就算他们有意见,也不会亲自出马,免得在君父面前表现出一副叛逆的形态。
“于谦?”
于谦的出现,让朱祁钰有些意外。
他原本以为,这于谦怎么看,都不像是腐儒之流。
“臣等,拜见君父,见过太子。”
太子朱见济斜着坐在朱祁钰的下方一张椅子,这个状态看起来有点像听政的。
“说吧,尔等有何事要奏?”
群臣眼神交流一番,于谦双手呈上一篇奏章。
他们想说的话,都在里面写着呢。
王腾接过,递到朱祁钰面前,没想到,君父并不打算看,而是让自己大声朗诵。
......
“陛下励精图治,锐意新法,臣等敢不钦承?然礼部新颁科举条规,臣稽诸祖制,揆之士情,实有未安者有三。”

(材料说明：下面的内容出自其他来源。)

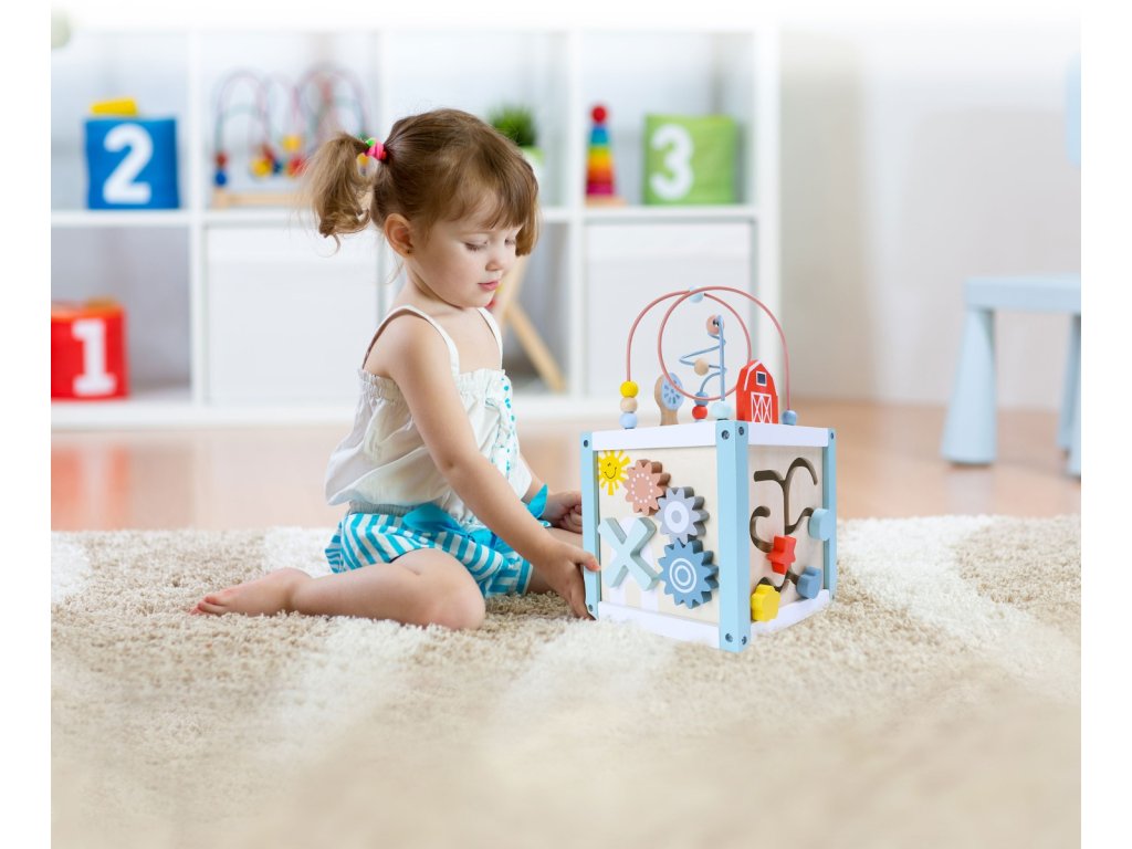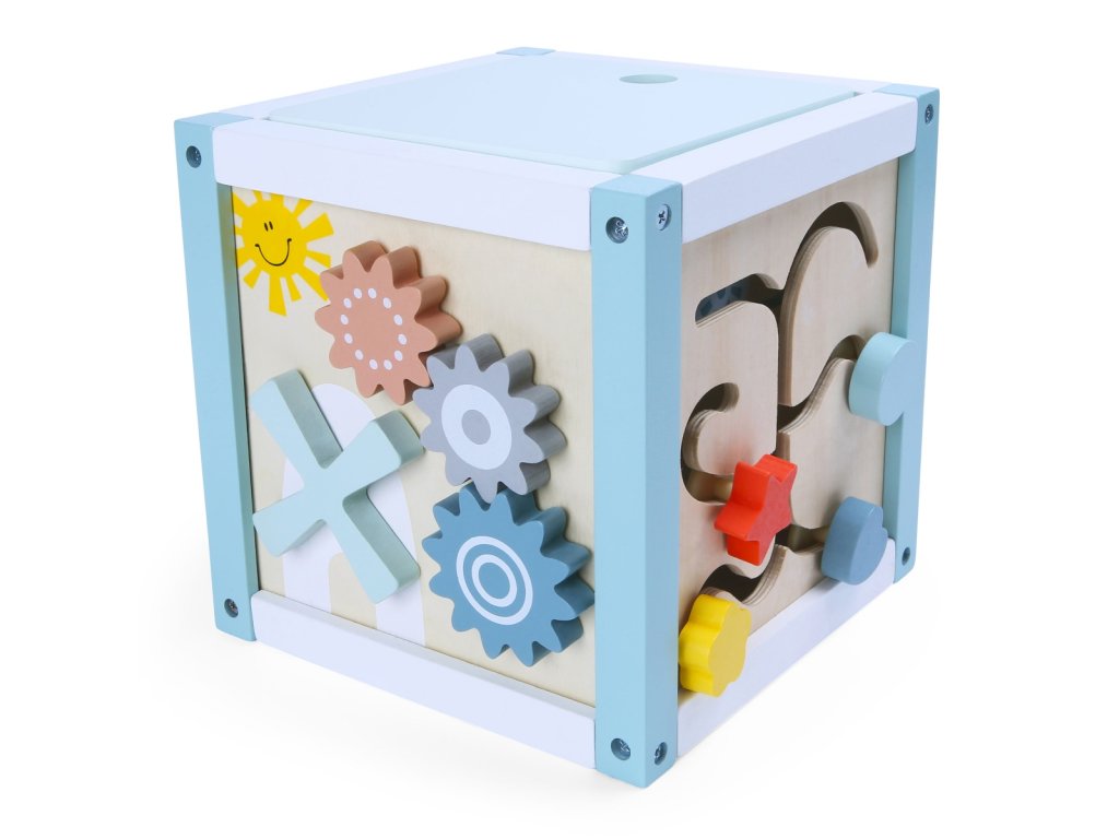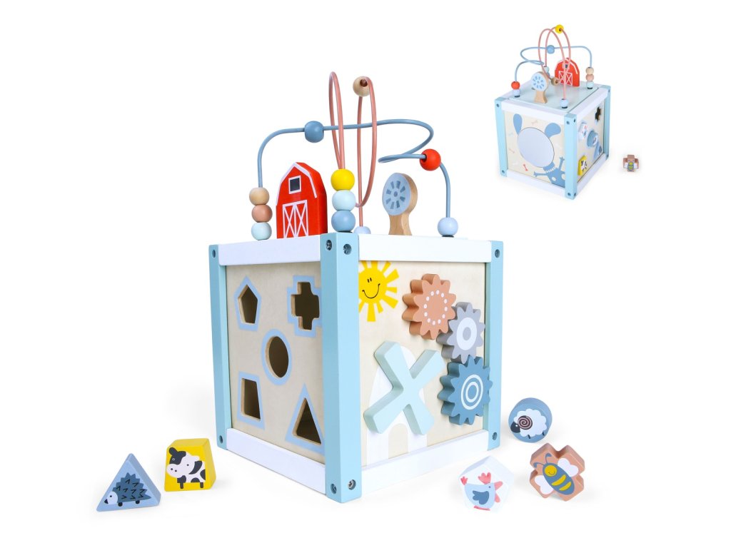 DŘEVĚNÁ EDUKAČNÍ HRAČKA. Objevte kvalitní dřevěnou motorickou kostku ECOTOYS, která spojuje učení a radost ze hry v jednom chytrém řešení. Skvělá hračka rozvíjející manuální dovednosti dítěte. Pro děti od 12 měsíců. Labyrint s pohyblivými kostičkami. Otočná ozubená kola. Zrcátko. Sortér tvarů a barevné kostičky. Otevírací víko kostky. Rozměr kostky 20x20x20 cm. Certifikáty: CE, EN71. Produkt značky: ECOTOYS. ZÁBAVA A ROZVOJ. Každý rodič si přeje, aby se jeho dítě vyvíjelo správně a vyváženě. Edukativní hračka značky ECOTOYS podporuje rozvoj na mnoha úrovních díky promyšlené konstrukci, kde má každá stěna kostky jinou funkci a charakter. Dítě si procvičí jemnou motoriku, koordinaci oko ruka a naučí se rozpoznávat barvy i tvary, přičemž si užije spoustu zábavy. MNOHO FUNKCÍ V JEDNÉ HRAČCE. Hračka je plná pohyblivých prvků, které motivují ke zkoumání a objevování. Dítě si při hře rozvíjí motoriku, trpělivost i logické myšlení a přirozeně si osvojuje barvy a tvary. V horní části se nachází snímatelné víko s labyrintem a barevnými korálky, zábava spočívá v jejich posouvání z jednoho konce na druhý. Na bočních stěnách se dítě může bavit sortérem a přiřazovat správné tvary kostiček. Další stěny kostky obsahují zrcátko, labyrint a otočná ozubená kola. BOX NA POKLADY. Díky otevíracímu víku můžete ukládat drobné hračky dovnitř kostky. Vše bude na jednom místě a vždy po ruce, kdykoli připravené ke hře. SPECIFIKACE. Určení: od 12 měsíců. Certifikáty: CE, EN71. Hmotnost: 2 kg. Rozměr balení: 21x21x21 cm. Výrobce: ECOTOYS. Upozornění: Obal není hračka, odstraňte ho z dosahu dítěte. Nenechávejte dítě bez dozoru. Před prvním použitím odstraňte veškeré obalové materiály. Hračku používejte dle pokynů výrobce a pravidelně kontrolujte její stav. V případě poškození hračku přestaňte používat.Doplňkové parametry

典型的开场白,先夸一下领导功绩,不直接否定新法,以比较平和的口吻提出自己的意见。
“一曰限年四十五而黜老成,恐伤孝治敬老之义;二曰必由国学给凭,然边省监额有限,必致才滞乡野;三曰四载一举而额仅百人,较之旧制三百之数,几裁其二,恐塞贤路而启侥幸。”
可以看得出来,其实这些大臣,对于年限四十五岁这个条例,反对的声音不是很大,也就以孝道来借口,劝阻皇帝孝治天下。
“昔太祖开科曰“天下英才尽入彀中”,今绳墨过峻,彀窄而弓急,臣恐弦鸣惊鸿,反失云天俊鹄。”